## ASSIGNMENT
Output the lines from the one containing "This original animation" through the last line of the material below, exactly; please do not include pictures.

## MATERIAL FOR THE TASK
Content starts
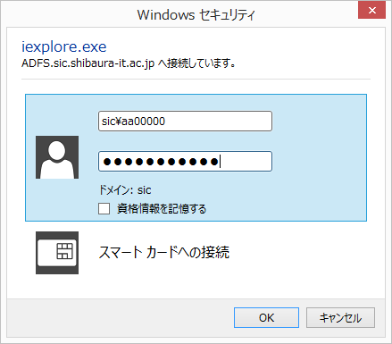 ユーザ名欄には、学情センターのアカウント名の頭に「SIC\」を付けたもの、あるいはアカウント名に「@sic.shibaura-it.ac.jp」を付けたものを入力します。
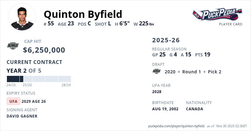 Quinton Byfield is signed to a 5 year, $31,250,000 contract with a cap hit of $6,250,000 per season, playing for the Los Angeles Kings. His contract expires at the end of the 2028-29 season, making Byfield an Unrestricted Free Agent.
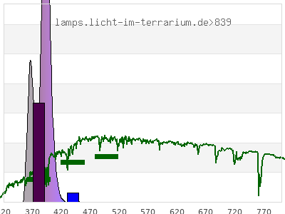 Erythema 0.689 UV-Index Pyrimidine dimerization of DNA 1.1 µW/cm² Photoceratitis 1.08 µW/cm² Photoconjunctivitis 0.0756 µW/cm² DNA Damage 0.243 Vitamin D3 1.86 µW/cm² Photosynthesis 2.02 µW/cm² Luminosity 0.196 lx Human L-Cone 0.0278 µW/cm² Human M-Cone 0.0274 µW/cm² Human S-Cone 0.695 µW/cm² CIE X 0.185 µW/cm² CIE Y 0.00535 µW/cm² CIE Z 0.88 µW/cm² PAR PPFD 0.258 µmol/m²/s Extinction preD3 6.92 e-3*m²/mol Extinction Tachysterol 27.7 e-3*m²/mol Exctincition PreD3 4330 m²/mol Extinction Lumisterol 5.65 m²/mol Exctincition Tachysterol 35500 m²/mol Extinction 7DHC 7.87 m²/mol L-Cone 0.00158 µW/cm² M-Cone 0.0333 µW/cm² S-Cone 3.9 µW/cm² U-Cone 43.3 µW/cm² UVR - ICNIRP 2004 0.91 Rel Biol Eff Melatonin Supression 1.37 µW/cm² Blue Light Hazard 1.45 µW/cm² (7400 µW/cm² per 1000 lx) CIE 174:2006 PreVit D3 1.9 µW/cm² Lumen Reptil 71.5 "pseudo-lx" Vitamin D3 Degradation 0.827 µW/cm² Actinic UV 0.902 µW/cm² (46000 mW/klm) Exctincition Lumisterol 6590 m²/mol Exctincition 7DHC 9160 m²/mol Exctincition Toxisterols 297 m²/mol
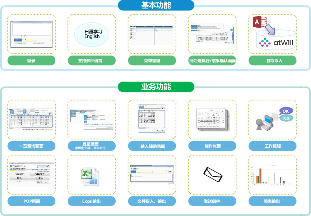 利用标准的基本功能以及开发工具,可以制作以下的业务画面。
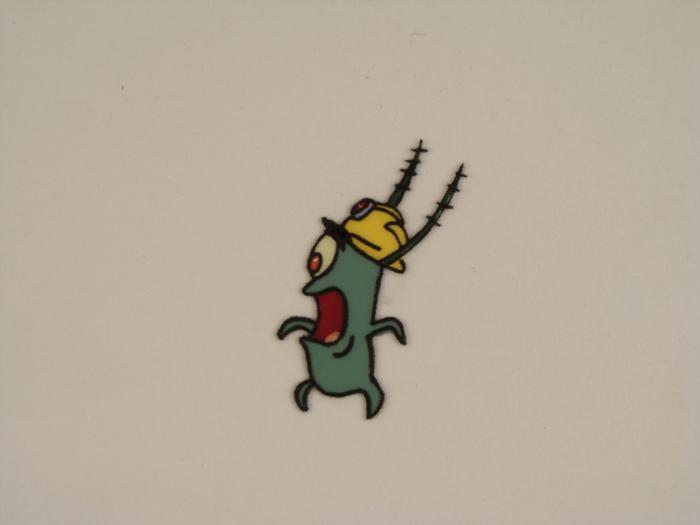 This original animation cel is from the Nickelodeon TV show SpongeBob Squarepants. The story takes place under the deep blue sea in Bikini Bottom, where SpongeBob resides. SpongeBob, who is a yellow, porous sponge, is your typical happy-go-lucky character, as he is always cheerful and enjoys making people laugh. Patrick Star, SpongeBob's neighbor who is a starfish, is your average children's show idiot, as he boasts knowing nothing and is often getting himself into ridiculous situations. Between the homes of these two lies the home of the miserable Squidward, a squid, who is known for being grouchy and playing tricks on SpongeBob and Patrick. Both SpongeBob and Squidward work at the Krusty Krab, a fast food business run by the greedy money-loving Mr. Krabs, a crab, the arch rival of the evil, possibly misunderstood, Plankton. Another neighbor, Sandy Cheeks, an athletic squirrel who normally wears an astronaut's space suit, was introduced in "Tea at the Treedome." She spends most of her time inventing and experimenting. In this cel, it appears that Plankton is hard at work but doesn't like the results.Original Production Animated Cel Overall Size of Cel: 10 1/2" x 12 1/2" Excellent ConditionThis is an original hand-painted cel set-up used in the production of an episode of "SpongeBob SquarePants." Each one-of-a-kind set-up represents a slight change in position of the characters. When individually photographed and projected in rapid succession, the images appear to move.
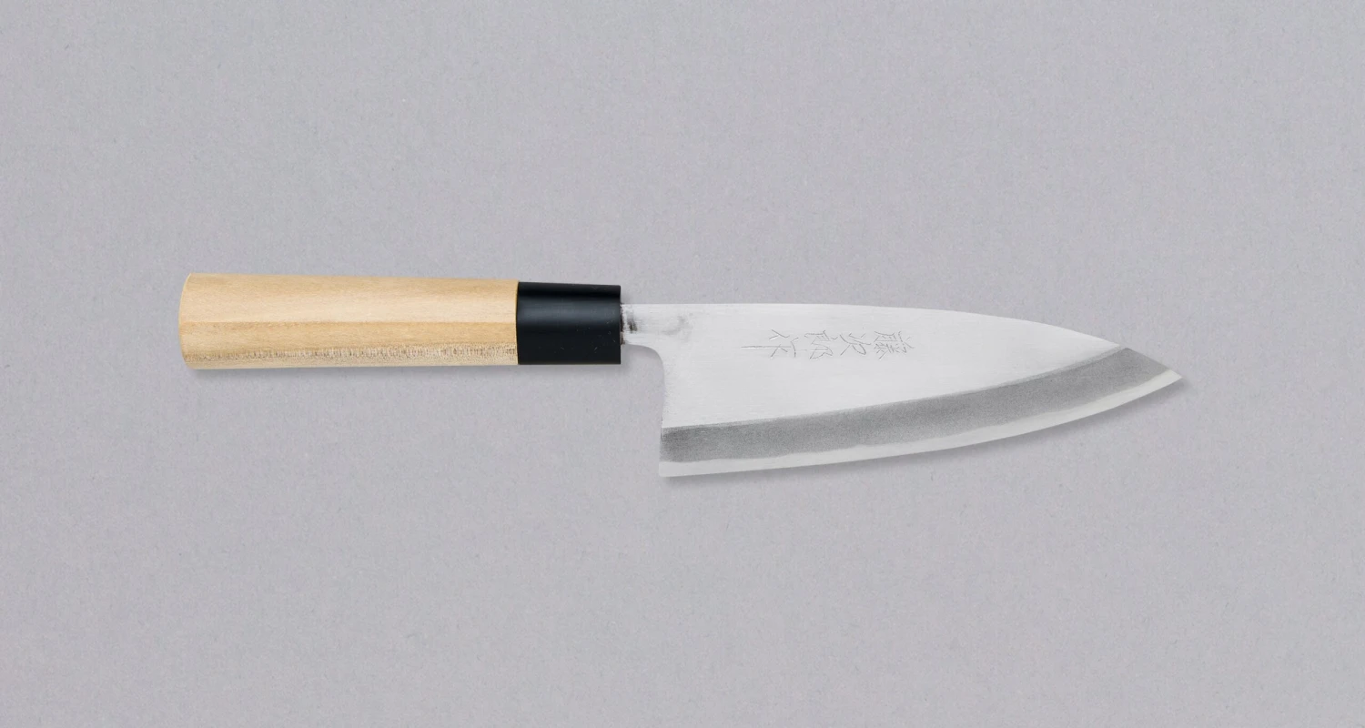 TOJIRO Deba Shirogami is a medium-sized deba designed fish lovers and professional chefs. The blade thickness is at hefty 7mm (0.28″), the blade length is 165mm (6.5″), so it is suitable for filleting medium-sized fish. The D-shaped handle is made from traditional magnolia wood with a resin ferrule.
Content ends
## WRITTEN REPLY
 This original animation cel is from the Nickelodeon TV show SpongeBob Squarepants. The story takes place under the deep blue sea in Bikini Bottom, where SpongeBob resides. SpongeBob, who is a yellow, porous sponge, is your typical happy-go-lucky character, as he is always cheerful and enjoys making people laugh. Patrick Star, SpongeBob's neighbor who is a starfish, is your average children's show idiot, as he boasts knowing nothing and is often getting himself into ridiculous situations. Between the homes of these two lies the home of the miserable Squidward, a squid, who is known for being grouchy and playing tricks on SpongeBob and Patrick. Both SpongeBob and Squidward work at the Krusty Krab, a fast food business run by the greedy money-loving Mr. Krabs, a crab, the arch rival of the evil, possibly misunderstood, Plankton. Another neighbor, Sandy Cheeks, an athletic squirrel who normally wears an astronaut's space suit, was introduced in "Tea at the Treedome." She spends most of her time inventing and experimenting. In this cel, it appears that Plankton is hard at work but doesn't like the results.Original Production Animated Cel Overall Size of Cel: 10 1/2" x 12 1/2" Excellent ConditionThis is an original hand-painted cel set-up used in the production of an episode of "SpongeBob SquarePants." Each one-of-a-kind set-up represents a slight change in position of the characters. When individually photographed and projected in rapid succession, the images appear to move.
 TOJIRO Deba Shirogami is a medium-sized deba designed fish lovers and professional chefs. The blade thickness is at hefty 7mm (0.28″), the blade length is 165mm (6.5″), so it is suitable for filleting medium-sized fish. The D-shaped handle is made from traditional magnolia wood with a resin ferrule.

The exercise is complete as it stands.